Michel Lavoie a écrit 58 livres depuis 1994.

Donner la parole aux jeunes

CHRONIQUE / Alors qu'il était prof au secondaire, Michel Lavoie s'ennuyait au travail. Comme il lui restait plusieurs années avant sa retraite, le Gatinois s'est mis à chercher un projet parallèle qui lui éviterait de sombrer dans la déprime.

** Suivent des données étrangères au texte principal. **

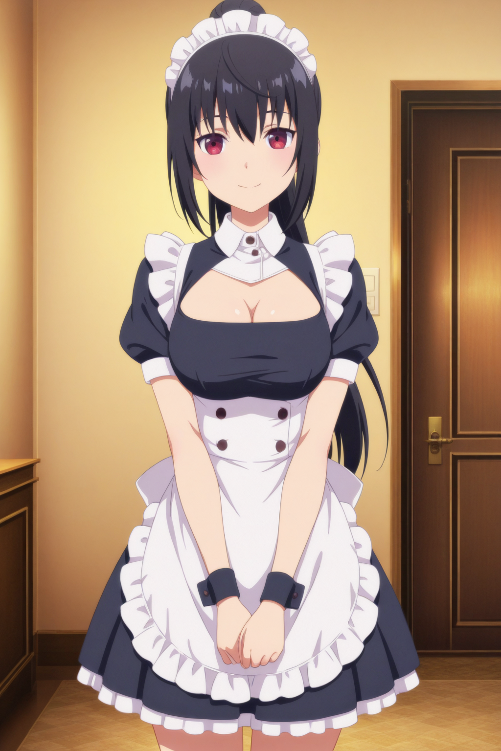 aashizuku, red eyes, black hair, ponytail, anime coloring,
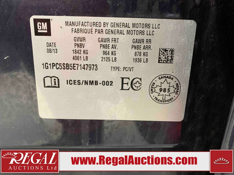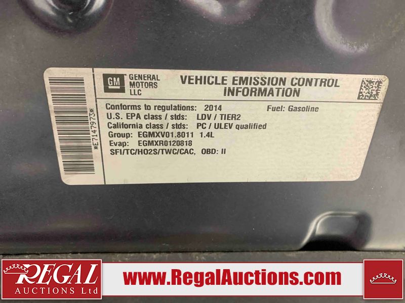 This 2014 CHEVROLET CRUZE 1LT 4D SEDAN FWD is powered by a turbocharged 1.4L 4-cylinder gasoline engine and an automatic transmission. The car has seats for 5 people. The car has low mileage for its age. The body looks to be in rough condition overall. There are pronounced scratches on the hood, roof, left rear door, and trunk lid. There are minor chips on the front bumper, hood, left front fender, right rear door, right front door, and right front fender. There is hail on the hood, roof, and trunk lid. There are scratches on the left front door, rear bumper, right rear door, and right front door. There is incidental dent damage on the left rear door and right rear fender. There are very minor chips in a few areas around the body. There are very minor scratches in a few areas around the body. The interior looks to be in fair condition overall. There are moderate stains on the driver's seat and passenger seat. The rear seats are dirty. The windshield is cracked. The tires are all worn. This car is being sold by the fleet department of a corporation or government body. The vehicle will be sold with the following declarations: Claims Total $1000 - $2999 (See Footnote 1) and Fleet Vehicle (See Footnote 2). Footnotes: 1) The vehicle's total recorded insurance claims history is between $1,000 - $2,999. This is the amount of money that was paid out by an insurance company for repairs to cover claims against the vehicle's insurance policy. This information is provided by CarFax. 2) This vehicle is a commercially owned work vehicle. Regal Auctions Ltd. makes no guarantee or warranty, either express or implied, with respect to the data provided in this report. The information has been provided from the consignor and from sources generally believed to be reliable, however the accuracy of this information cannot be guaranteed by Regal Auctions.

Un jour, il s'est dit : pourquoi pas écrire ? Depuis 1994, il a publié 58 livres, pour la plupart des romans dédiés à la jeunesse. Depuis 8 ans, il est aussi directeur de la maison d'édition Vents d'Ouest à Gatineau.
Tout en menant sa carrière d'écrivain, M. Lavoie a toujours cherché à transmettre sa passion de l'écriture à ces jeunes qui l'ont tant inspiré dans la rédaction de ses romans. À la retraite depuis plusieurs années maintenant, l'ex-enseignant consacre encore beaucoup d'énergie à leur donner une voix. Il vient d'ailleurs d'obtenir une subvention spéciale de la Ville de Gatineau pour la publication d'un recueil de textes écrits par des jeunes du primaire, du secondaire et du cégep. Il est à la recherche d'une trentaine ou d'une quarantaine de manuscrits qui devront lui parvenir d'ici la mi-octobre, en vue d'un lancement qui se fera lors du Salon du livre 2018.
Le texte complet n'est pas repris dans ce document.